SXSW Part Two

SWSX 2007. It was the year of the female singer. And of course of Iggy. Let's do Mr. Osterberg first. South By Southwest usually saves the best for last, which always seems to mean the final act at Stubb's on Saturday night. For those unfamiliar with Austin, Stubb's is a BBQ joint, once owned by CB Stubblefield or "Stubb," a Navasota, Texas native who opened his first pit out in Lubbock after returning from the KO-rean (as they say it in Texas). While C.B. and his Lubbock restaurant are gone now, his name lives on in a line of nationally marketed sauces and in the Austin location, which has what can only charitably called a "venue" out back. Big, slanty, mudhole is more like it. Instead of an amphitheatre, Stubbs is a hillside sloping down into a gulley which collects rain, trash and chicks showing their tits to whatever heartthrob (Iggy Pop?) is onstage at the time.

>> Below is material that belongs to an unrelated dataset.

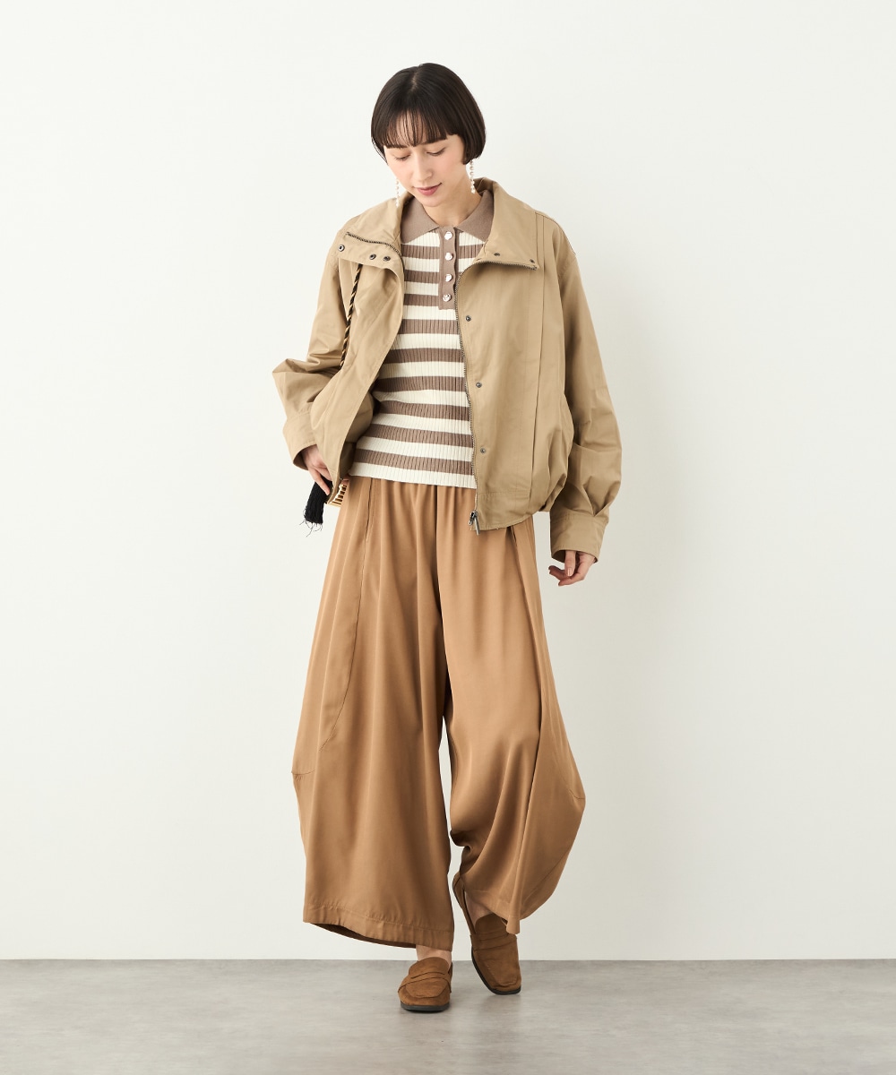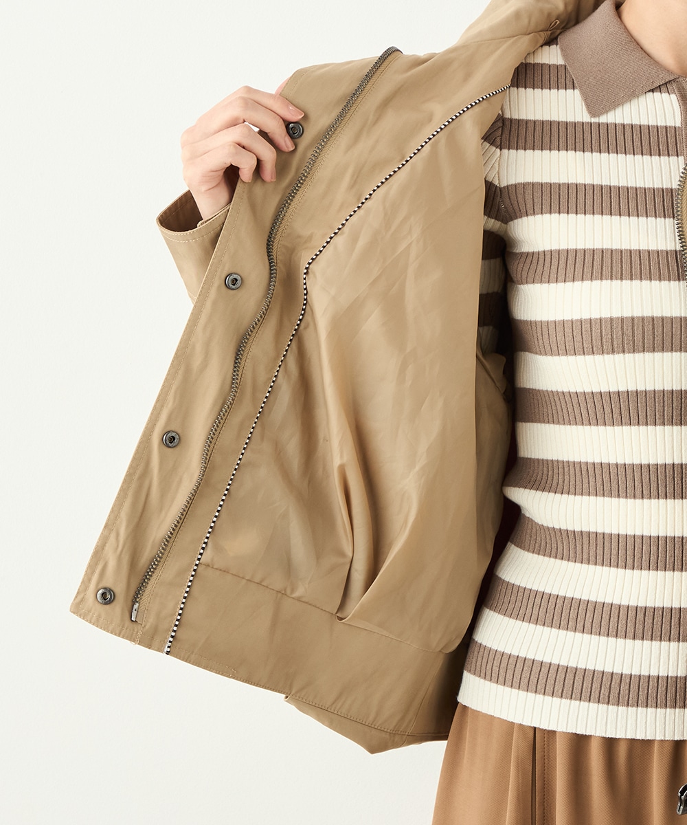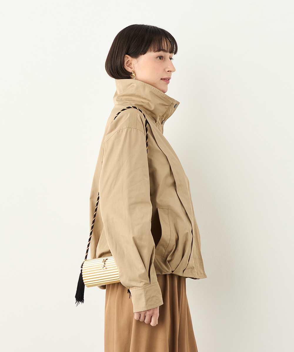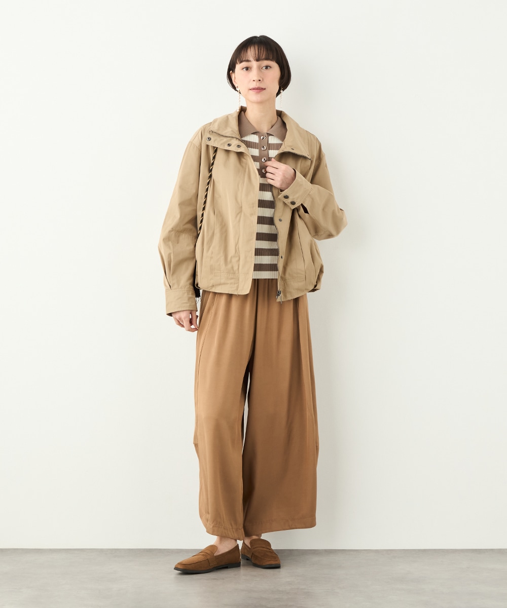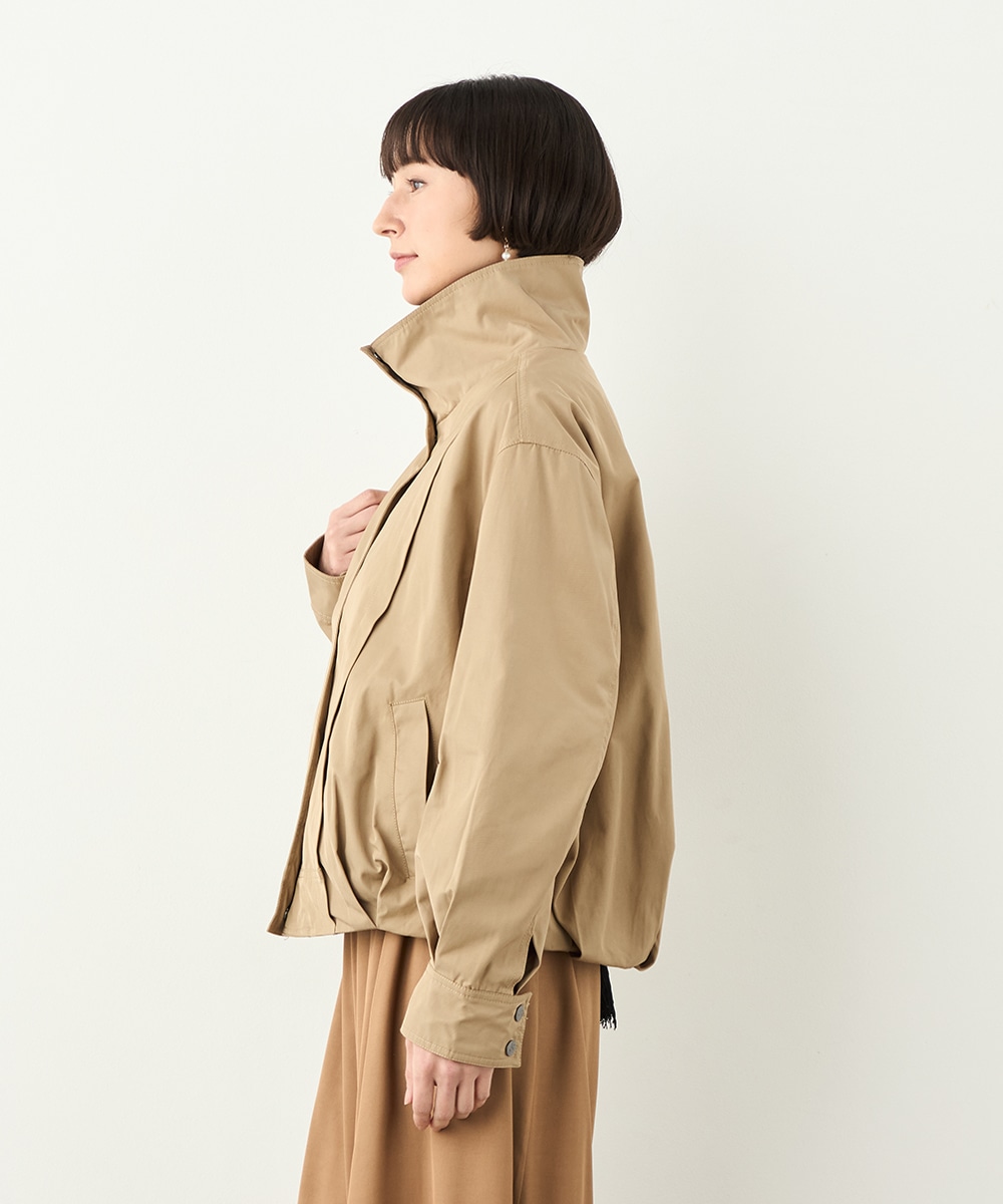 ベーシックなベージュの無地のデザインで着こなしやすくも、独特の存在感がある1枚です。ふんわりとしたシルエットやドロップショルダーでトレンド感が加わっています。大人っぽくスタイリッシュな印象の立ち襟は、フロントジップの開き具合によってアレンジが可能です。

If it rains, forgetaboutit. Last year I stood in the rain and watched the Pretenders and promised myself nevermore. This year I watched an earlier act on the same bill, the Kings of Leon, who were absolutely wonderful except for the fact that they've now adopted a weird, pretty boy kind of look. They played a set heavy with the material from their new record, Because of the Times which was Stereophile's Recording of the Month for March, and it rocked.

By the time Iggy went on I was beginning to feel as if an alien was inhabiting my body. Sleep deprivation will do that to ya. As a rule, by Saturday night at SXSW, the four day hangover slash schmoozing overload is so severe that Robert Plant could be singing you a lullaby and you'd never hear it.

Fortunately, several Stereophile music writers stayed inside for the entire show and reported that Iggy, with the other two surviving Stooges, Ron and Scott Asheton (guitar and drums respectively) sounded as primal as ever. Wrinkly–er but still loud and raw. Opening with "Loose," Iggy was jumping into the crowd by the second song, the immortal, "I Want to Be Your Dog." The material from the new record, The Weirdness like the songs "Trollin'" and "ATM" also sounded very Stooges–esque although more than one writer mentioned to me that Iggy was trying too hard at times to be "punk" and "a rebel." Too much leering, too much posturing and too much self–conscious body contorting. My personal highlight of the show, which again I was in and out of rather quickly, was seeing him alternately flashing peace signs and his middle finger. Did it change my life this show? Definitely not. Sorry Stooges fans that was then and this is most assuredly now. I'll see him here in NYC again in a couple weeks so maybe my opinion will change.